The Doings of Raffles Haw
- Author: Sir Arthur Ignatius Conan Doyle
- Language: English
- Genre: Science fiction
- Published: 1891 (Pittsburgh Commercial)

= The Doings of Raffles Haw =

1891 novel by Arthur Conan Doyle

The Doings of Raffles Haw (1891) is a science fiction novel authored by Sir Arthur Conan Doyle involving an inventor who has discovered a way to turn lead into gold.

==Plot outline==
A mysterious millionaire, Raffles Haw, comes to reside in Tamfield in Staffordshire. Prior to his arrival, locals gossip about him. As his house is being constructed, people wonder at the number of workers, their speed, and the complete disregard for the amount of money spent. When Haw arrives, he acquaints himself with the McIntyre family, which consists of Robert, his sister Laura, and their father.
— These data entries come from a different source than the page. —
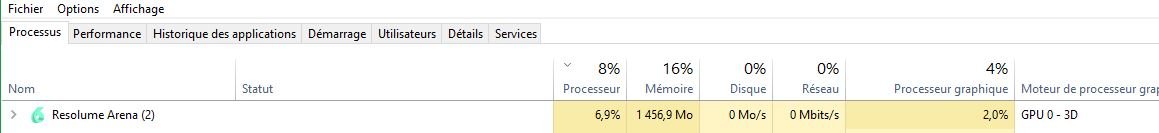 The CPU is cold, the graphics card does not work any more than when starting Resolume. The memory is empty.
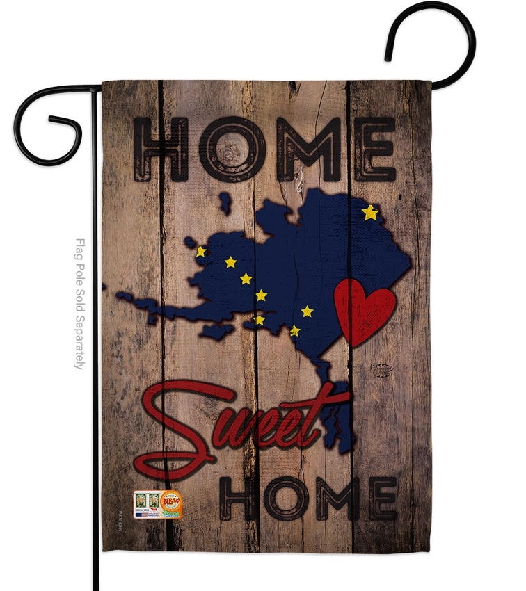 The State Alaska Home Sweet Garden Flag is a double-sided 12.5" x 18" garden flag designed to be displayed outdoors year-round. Printed on weather-resistant polyester, the flag reads correctly from both approaches so the design works on a yard walkway, a garden bed, or a porch railing. It fits every standard 40"–46" garden flag stand on the market.
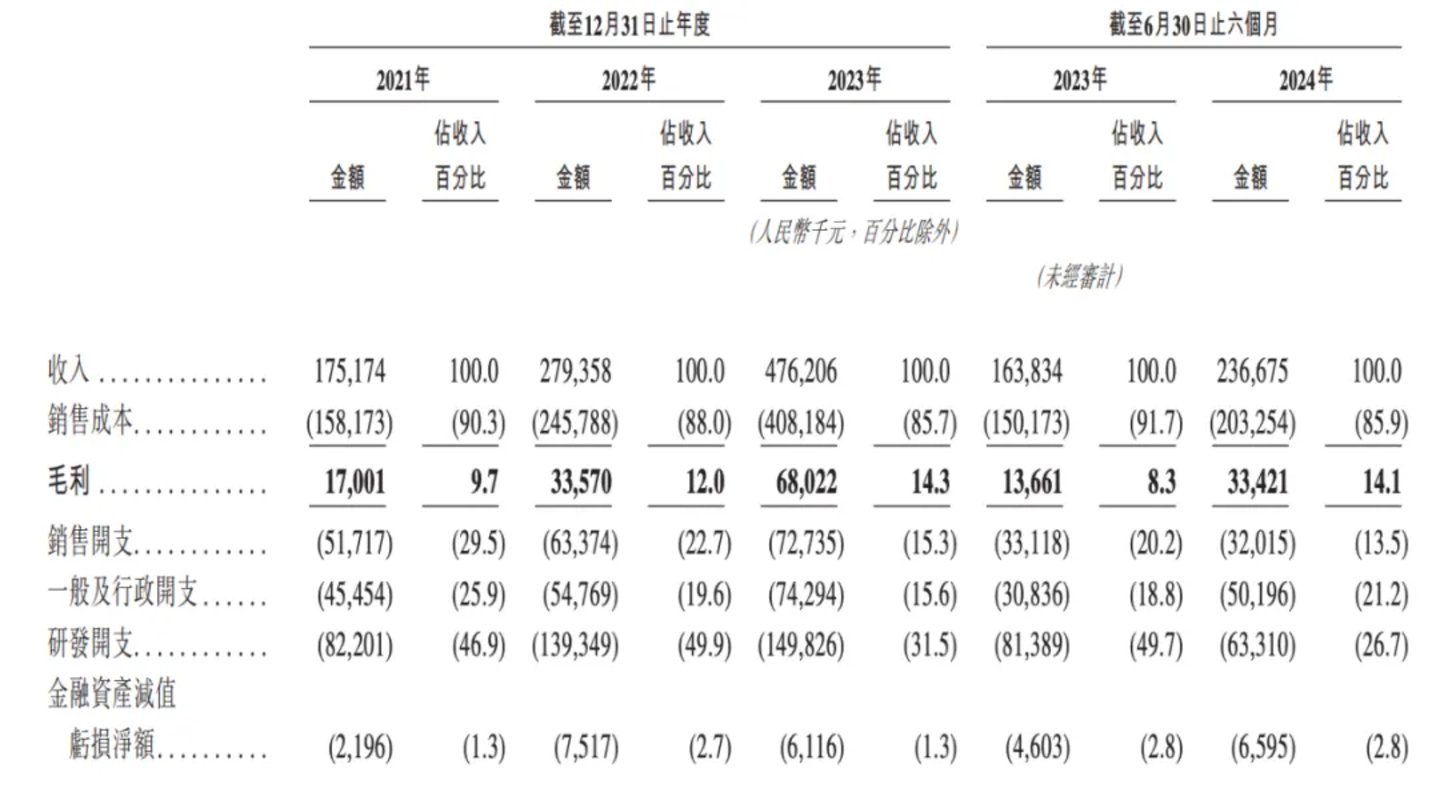 2021、2022年、2023年和2024年上半年,佑驾创新研发支出分别为8220万元、1.39亿元、1.50亿元和6330万元。
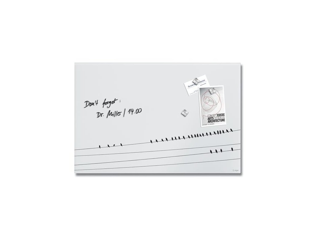 Magnetická sklenená tabuľa, 60x40x1,5 cm, SIGEL "Artverum® ", vzor Little birds, matná
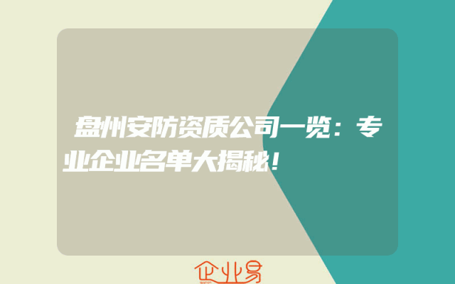 - 盘州安防资质公司一览:专业企业名单大揭秘!
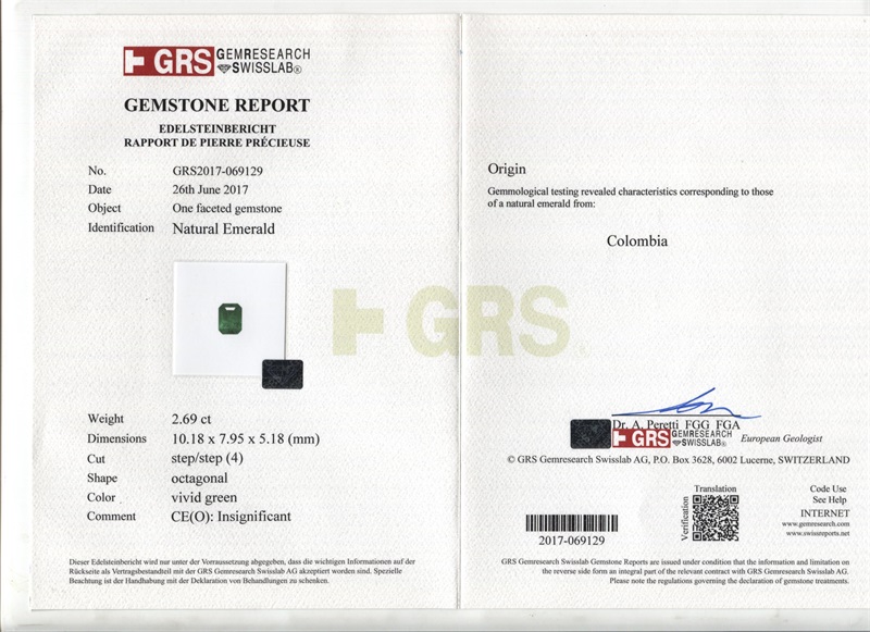 哥伦比亚祖母绿裸石2.69克拉vivid green
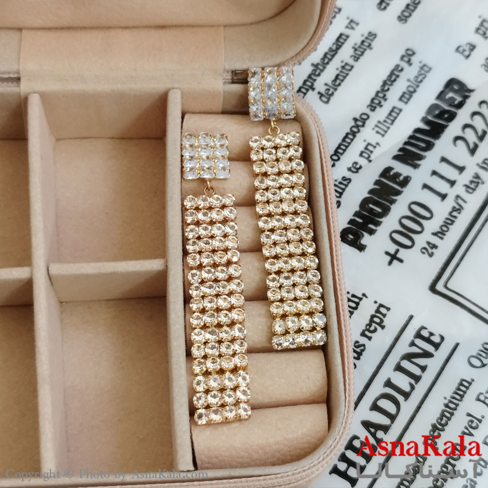 گوشواره جواهری مدل آویز نگیندار رنگ طلایی کد GSH152073W
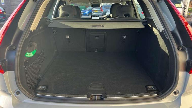 11.2" centre console touch screen, 12.3" Progressive Driver Display, 360 degree surround view parking camera with side proximity sensors, Adaptive cruise control, Adjustable steering wheel force, Android auto (Wired), Apple carplay (wired), Bluetooth handsfree system, Driver alert control with lane keeping aid, Emergency services call system, Front and rear park assist, Google Automotive Services, Intelligent speed assistance, Oncoming Lane Mitigation, PAS, Power operated tailgate with handsfree opening and closing, Service interval indicator, Speed limiter, Speed sensitive steering, Trip computer, Volvo cars services with app, Volvo on call with App, Wireless/Inductive Mobile Phone Charging, 8 speed automatic transmission with start/stop + manual change functions, DAB Digital radio, Premium Sound by Harman Kardon, dirac unison, dolby pro logic II surround sound, 13 speakers/600W output and fresh air subwoofer, Steering wheel remote infotainment controls, Adaptive brake lights with high level LED brake lights, Auto dimming interior + exterior mirrors, Automatic headlight levelling system, Automatic LED Headlights + Active high beam incorporating daytime running lights, Electric adjustable/heated/auto power folding door mirrors, Electric front+rear windows, Front aluminium tread plates, Heated front windscreen, High gloss black door mirrors, High gloss black front and rear bumper decoratives, High gloss black mesh front grille with high gloss black surround, Home safe and approach lighting, Integrated roof rails in high gloss black, Puddle lights, Rain sensor with automatic windscreen wiper activation, Rear side wing doors, Rear wiper, Roof antenna, Roof spoiler, Tinted windscreen, Visible VIN plate, 12V socket in front tunnel console and luggage compartment, 3 seat bench in 2nd row, 3 Spoke tailored steering wheel with chrome trim, 4 Zone electronic climate control, A-pillar parking ticket holder, Air purifier particulate matter (PM) 2.5 filter, B Pillar ventilation, Bright metal luggage scuff plate, Centre console cupholders and storage, Charcoal floor mats, Front and rear courtesy lights, Front and rear door pocket illumination, Front cupholder illumination, Front footwell illumination, Front reading lights, Front seat cushion extensions, Glovebox compartment with illumination, Head restraints for all seats, Heated front seats, Heated steering wheel, Height/reach adjustable steering column, Illuminated luggage compartment, Illuminated vanity mirrors + ticket holder, Inner door release handle illumination, ISOFIX attachment on outer rear seats, Load cover, Load protection net, Multi directional lumbar support, Power driver seat with memory + exterior mirrors memory, Power height adjustable passenger seat, Power passenger seat with memory, Quilted nordico leather upholstery, Rear armrest with cupholder, Rear footwell and front and rear side step illumination, Rear reading lights, Rear seat concealed storage, Single front passenger seat, Tailgate illumination and ambient door lighting, Underfloor stowage compartment, Versatile split folding rear seat - 60/40, Driver assist pack without Adaptive cruise control - XC60, 5 three point seatbelts, City safety with steering support with Pedestrian + cyclist + front collision warning with full auto brake and rear auto brake, Drivers knee airbag, Dual stage driver/passenger airbags, Electronic parking brake with auto hold, First aid kit, Front seats SIPS airbags, Hill descent control - Off-road drive mode, Hill start assist, IC (Inflatable Curtains) - Full Length, Passenger airbag cut-off device, Power child locks on rear doors, Road sign information display, Run off Road Mitigation, Run off Road Protection, Seatbelt reminder and pretensioners, SIPS (Side Impact Protection System), Slippery road and hazard light alert, Stability and Traction Control with Spin control, Engine Drag Control and Corner Traction Control, Tyre pressure monitoring system, Vehicle deceleration control with Anti-lock Brake System, Electronic Brake Distribution and Emergency Brake Assist, Warning triangle, WHIPS whiplash protection system - front, Anti-theft alarm including immobiliser/volume sensor + level sensor, Key integrated remote control central locking + fuel flap with deadlocking system and auto open/close power windows, Keyless Drive (includes Keyless Entry and Keyless Start), Locking wheel nuts, Private locking for tailgate, Summer tyres,
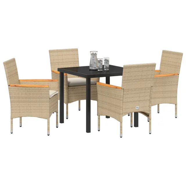 Ta 5-delna jedilna garnitura za vrt združuje slog in prakso, kar je super za obroke na prostem. Vključuje pravokotno mizo in štiri udobne stole, ki so popolni za osvežitev tvoje terase, balkona ali vrta.
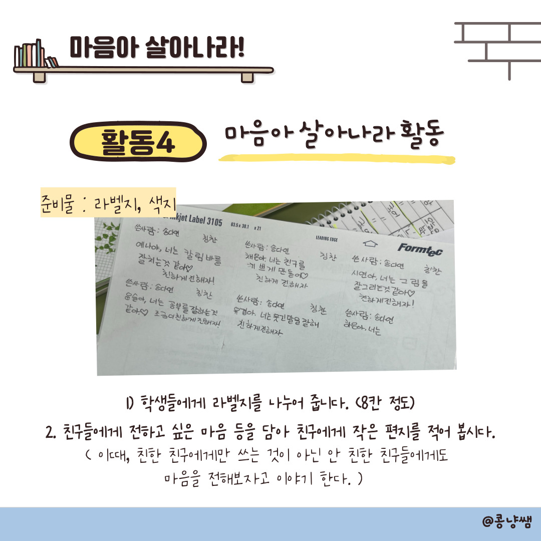1. 라벨지에 친구의 마음을 살릴 수 있는 편지( 칭찬, 고마움, 미안함 )를 씁니다.
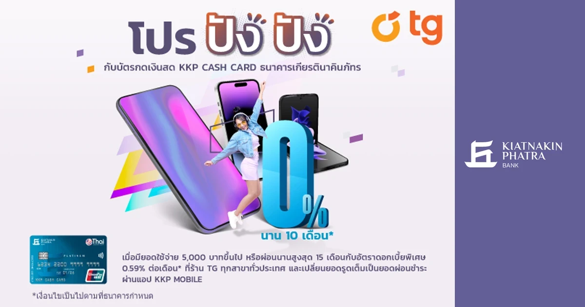 - สิทธิพิเศษสำหรับผู้ถือบัตรกดเงินสด KKP CASH CARD รับสิทธิ์การผ่อนชำระมือถือทุกรุ่นที่ร้าน TG Fone ทุกสาขาทั่วประเทศ ตลอดระยะเวลารายการส่งเสริมการตลาดเท่านั้น
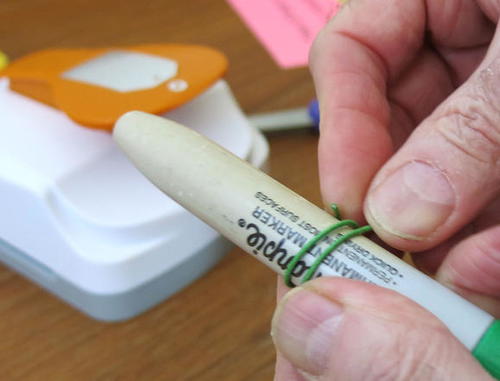 To hang your tag, wrap a piece of floral armature wire two or three times around a marking pen to make a coil.
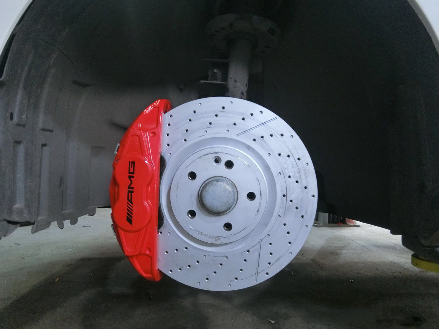 AMG卡鉗的改裝的標(biāo)志象征著性能的升級,小小的改動,大大的提升,AMG奔馳的尊享身份不滿足于此,或是為了完整度,車主又打算在這輛車的基礎(chǔ)上直裝330mm的加大盤打孔加劃線的剎車盤。
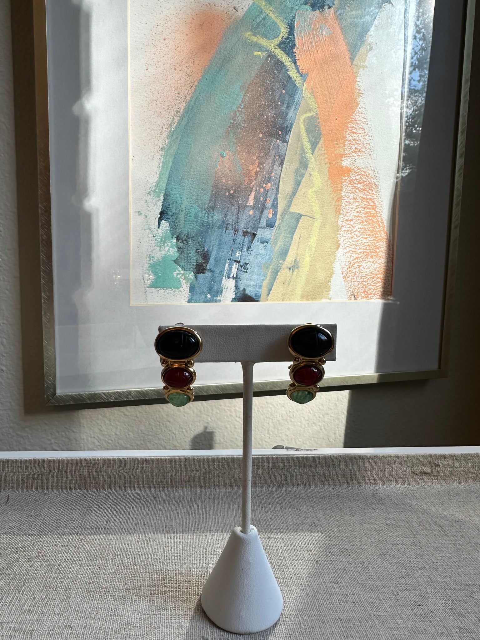 Vintage Carved Scarab Gold Tone Clip Earrings Black Red Green Stone/Glass
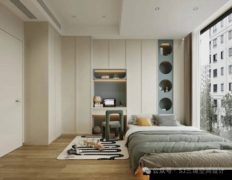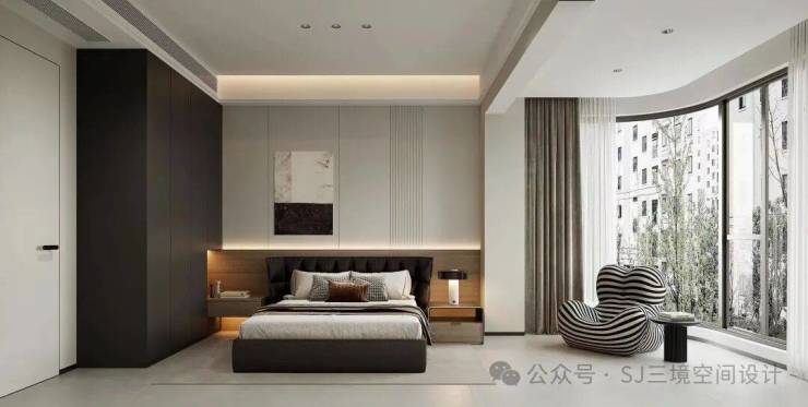 ②采用弯钢玻璃打造弧形造型,最大化引入自然采光与户外景观,柔化空间线条的同时,为卧室注入现代艺术感与通透感。
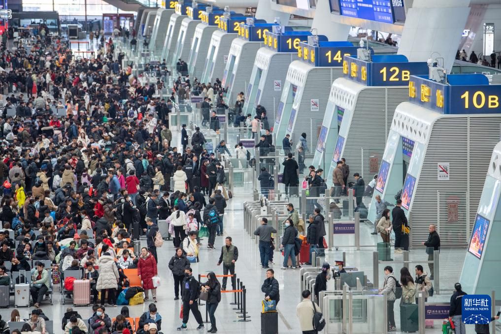 ??2024年2月17日,旅客在杭州東站候車大廳等待乘坐列車。新華社記者 江漢 攝
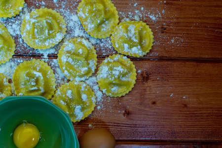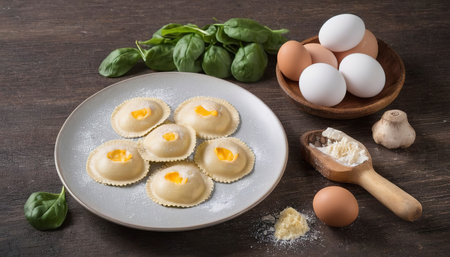 Fresh ravioli pasta stuffed with spinach, with ingredients on a wooden table. Homemade Italian food
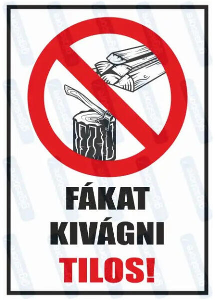 Fákat kivágni tilos piktogram+felirat tábla matrica : Tábla-matrica mérete - A3 / 297 x 420 mm, Tábla-matrica típusa - matrica
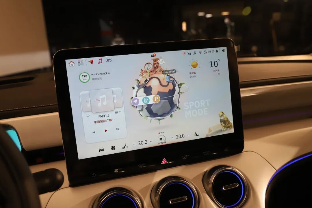 12.8英寸中控屏搭载“灵感星球”smart OS全场景数字生态车机系统,芯片为高通骁龙8155。功能方面,集成了车联网、设置、多媒体、爱趣听、语音助手、高德地图、全景影像、自动泊车、应用市场、微信、行车记录仪、爱奇艺、哔哩哔哩等功能,足以胜任日常使用。
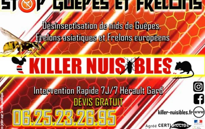 - Spécialiste dans la Désinsectisation et Destruction des Guêpes et Frelons, j’ interviens sur le département de l’Hérault et du Gard. J’établis votre devis rapide et gratuit sur simple appel. Mes interventions sont 100% Garanties.
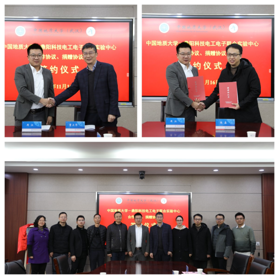 与深圳市鼎阳科技股份有限公司合作协议、捐赠协议签订仪式在我院举行。深圳市鼎阳科技股份有限公司销售总监周江、鼎阳湖北总代理沈东辉、鼎阳科技股份有限公司销售经理胡德才,麻豆av
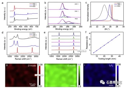 Figure 3.不同電熱溫度熱處理石墨烯膜的(a,b)XPS、(c)XRD、(d)Raman表征;(e)石墨烯膜不同位置的拉曼光譜,間隔距離為1cm;(f)石墨烯膜電阻與測(cè)試長(zhǎng)度的關(guān)系,表明制備的石墨烯膜宏觀尺寸均勻;(g-i)石墨烯膜的拉曼成像掃描,證明石墨烯膜微觀尺寸結(jié)構(gòu)均勻。
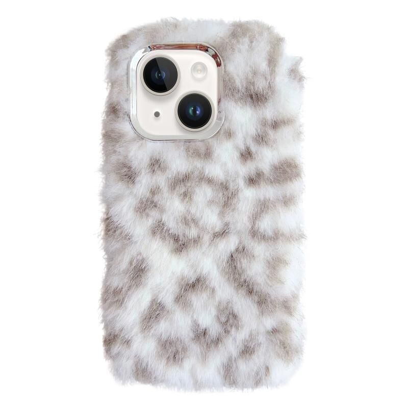 For iPhone 15 Plus Leopard Print Plush TPU Phone Case(Coffee)
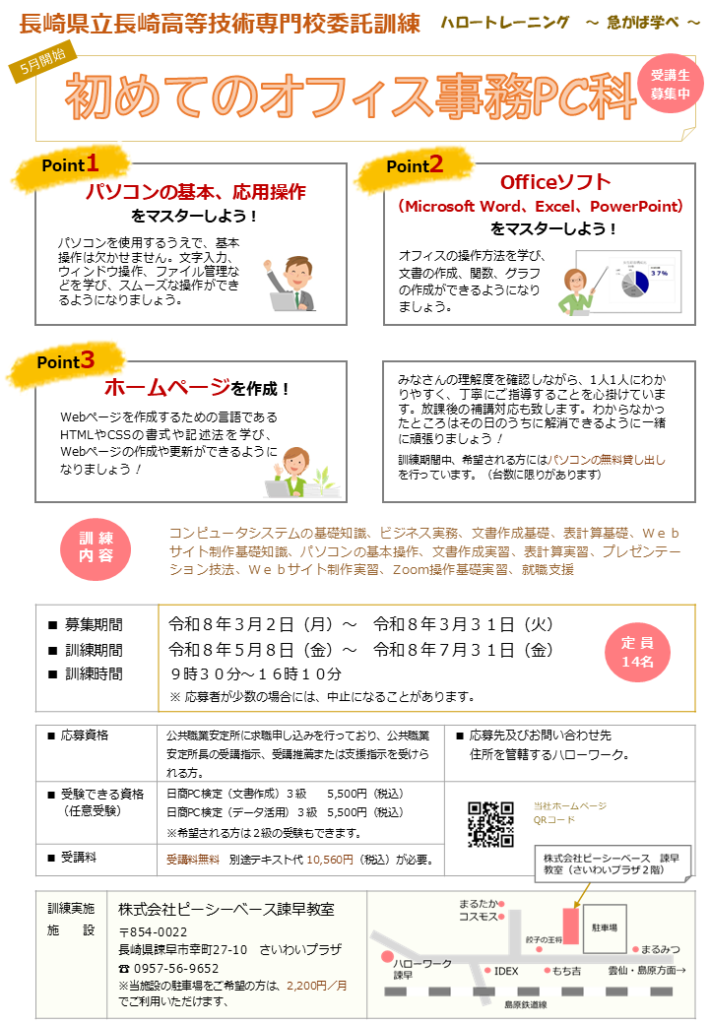 【受講生募集中】◆諫早◆ 5月開始 公共職業支援訓練「初めてのオフィス事務PC科」
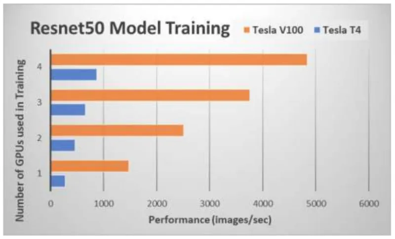 The researchers compared the GPU models when training the Resnet50 TensorFlow benchmark. This is shown in the figure above. Not surprisingly, the Tesla V100s outperformed the T4s when training. They have double the compute capability -- both in terms of FP64 and TensorCores -- along with higher memory bandwidth due to the HBM2 memory subsystem. But the T4s should give better performance per Watt than the V100s when running less floating-point intensive tasks, particularly inferencing in mixed precision.

McIntyre senior had been a prosperous gun merchant, but has gone bankrupt and lost his sanity. Laura is engaged to Hector, the son of the vicar, Mr. Spurling. Hector is a sailor who is summoned for Naval duty at the beginning of the novel.

Disregarding McIntyre senior as a greedy beggar, Haw sets about to alleviate the misery of the people of Tamfield through the agency of the McIntyre siblings and Mr. Spurling. He saves many families and businesses with his timely financial succour. He has limitless funds, due to having discovered a process to turn lead into gold.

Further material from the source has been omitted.